Regeneron announces follow-up results on Phase 3 EMPOWER-Lung 3 trial

Regeneron (REGN) Pharmaceuticals announced five-year follow-up results on overall survival from the Phase 3 EMPOWER-Lung 3 trial, which evaluated Libtayo plus platinum-based chemotherapy versus chemotherapy alone as a first-line treatment for adults with locally advanced or metastatic non-small cell lung cancer, NSCLC, with no EGFR, ALK or ROS1 aberrations. At this year’s WCLC, five-year efficacy results, with a median follow-up of 60.9 months, found Libtayo plus chemotherapy remained superior to chemotherapy alone: 21.1-month median OS versus 12.9 months, representing a 34% reduction in the risk of death. The five-year probability of survival was 19.4% for the Libtayo combination versus 8.8% for chemotherapy. 8.2-month median progression-free survival versus 5.5 months, representing a 42% reduction in the risk of disease progression. 43.6% objective response rate versus 22.1%. The ORR included a complete response rate of 6.4% versus 0%. 16.4-month median duration of response versus 7.3 months.
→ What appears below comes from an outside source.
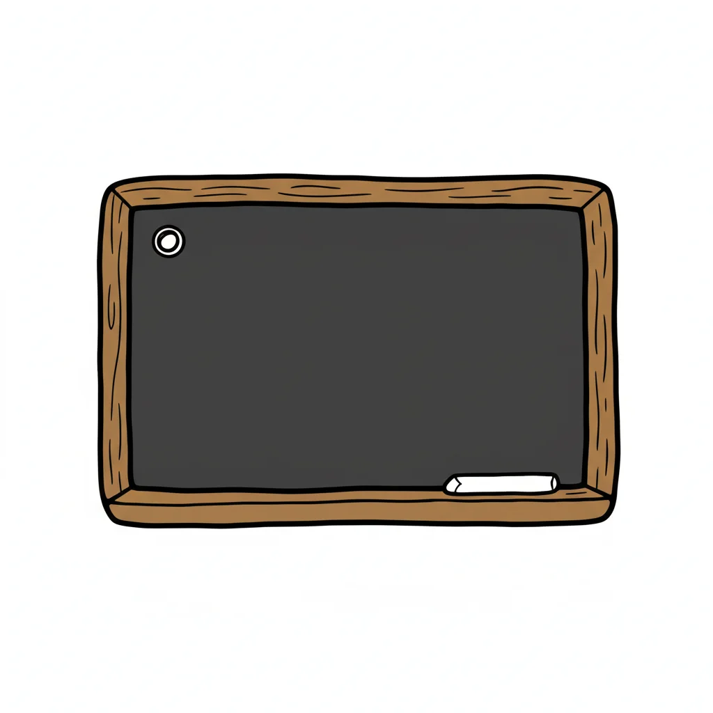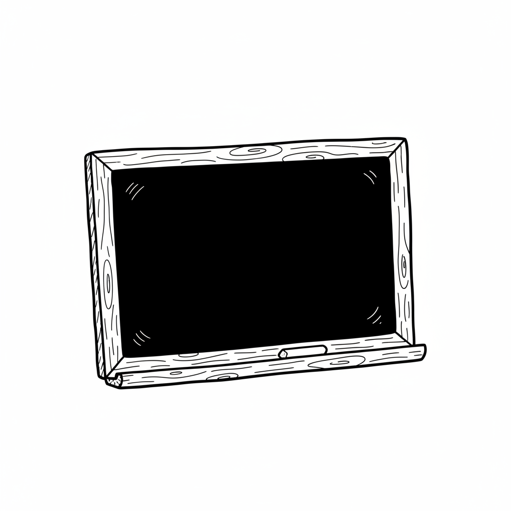 Schwarz-weiß-Zeichnung einer leeren Tafel mit Holzrahmen und Kreide auf der Ablage.
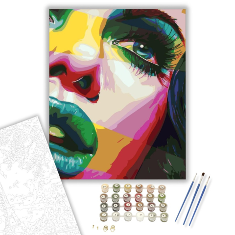 Színes női arc - számfestő készlet – 40×50 cm (Keretre feszítve) Készíts gyönyörű műalkotásokat, előzetes festő tudás nélkül! Éld át az alkotás gyönyörű pillanatait és varázslatos hangulatát! Akkor is gyönyörű festményeket hozhatsz létre, ha még nem feste

Also presented at WCLC were exploratory subgroup analyses that demonstrated survival benefits for patients treated with Libtayo plus chemotherapy compared to chemotherapy alone regardless of tumor histology or PD-L1 expression level. Specific efficacy results included a: 22.3-month median OS among patients with squamous histology versus 13.8 months, representing a 32% reduction in risk of death. 19.4-month median OS among patients with non-squamous histology versus 12.4 months, representing a 38% reduction in risk of death. 24.0-month median OS among patients with PD-L1 greater than or equal to1% versus 12.1 months, representing a 46% reduction in risk of death.